Waterloo Region is renowned for its vibrant agricultural and farming communities that are both urban and dotted generously throughout our four beautiful townships: Wellesley, Woolwich, Wilmot and North Dumfries.

Fresh produce and meats and other food products make their way into restaurants, stores and specialty retailers in Cambridge, Kitchener and Waterloo – but you can also explore the highways and byways of the Region and discover for yourself a bounty of hidden treasures. As you drive, they announce themselves suddenly on charming no-nonsense hand-painted signs: farm-fresh eggs, duck (and duck eggs), maple syrup, asparagus, fresh flowers, corn and just about everything else you might want to find on your supper table.

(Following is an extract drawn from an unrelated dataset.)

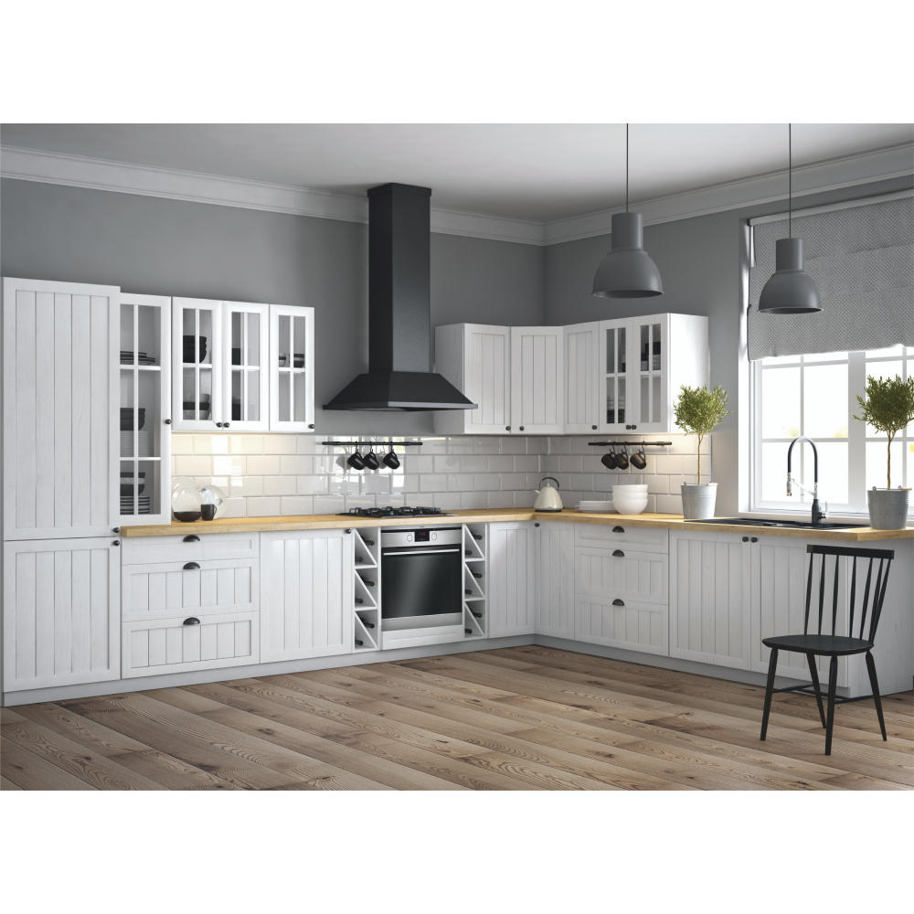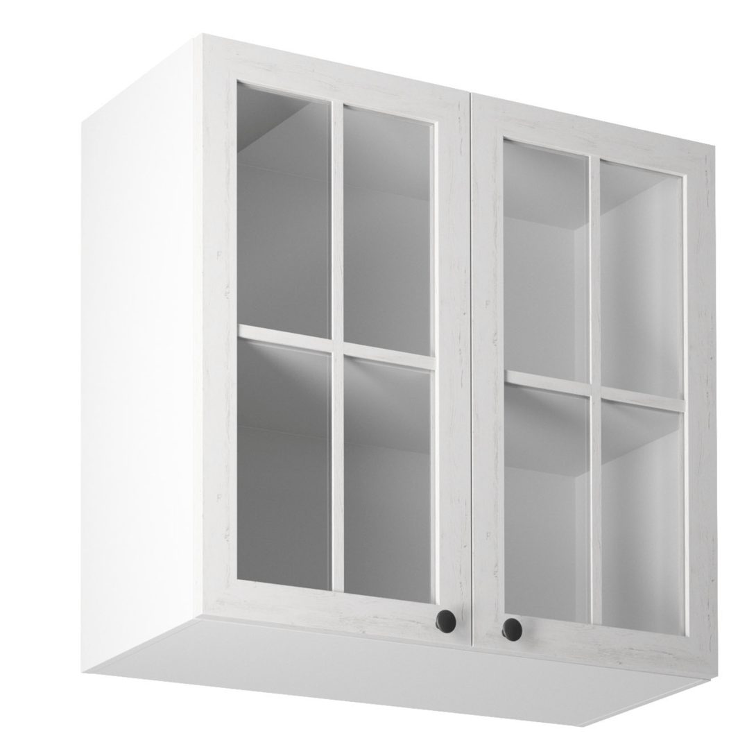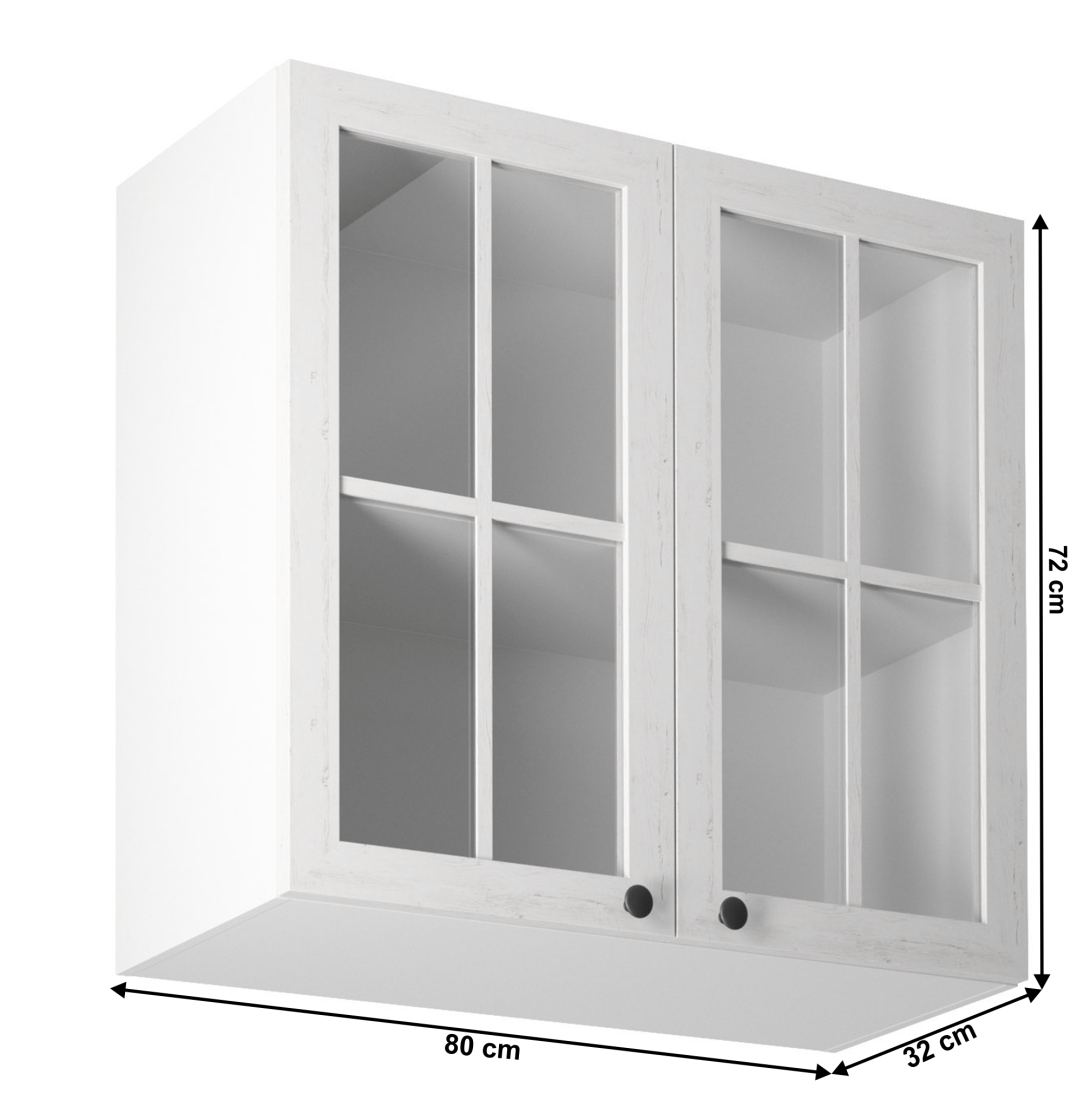 Horná skrinka s dvoma dvierkami so sklom a jednou policou ku kuchyni PROVANCEPrevedenie: DTD laminovaná/MDFFarba: biely/sosna andersenRozmery (ŠxHxV): 80x32x72 cmHrúbka materiálu: 15 mmSystém tichého zatvárania dvierokCena sektorových skriniek je uvádzaná bez pracovnej dosky a spodnej lišty. Cena za pracovnú dosku dub lancelot je 56 Eur/bm - hrúbka 38 mm, cena za spodnú lištu je 14 Eur. Ku každej dolnej skrinke okrem D25PZ, je potrebné doobjednať 2 ks úchytov na sokel cena 1 Eur/2 ks.

Become familiar with roads like Carmel Koch, William Hastings Road, Hessen Strasse Road, Ament Line and New Jerusalem Road, and you will find farmgate sales and the unique and quaint honour boxes (see our map for both) where you can purchase the freshest and best-tasting local produce and at very reasonable prices: that’s because you are buying directly from the producer – the farmers who grew the crops and raised the livestock – and there are no “middlemen” in the transaction.

Out of dozens of possibilities, here are three farm gate locations to add to your Summer Road Trip itinerary (when possible, please check with individual venues for hours of opening and produce availability).

Remember, with Waterloo Region farmers, seasonal rules the roost!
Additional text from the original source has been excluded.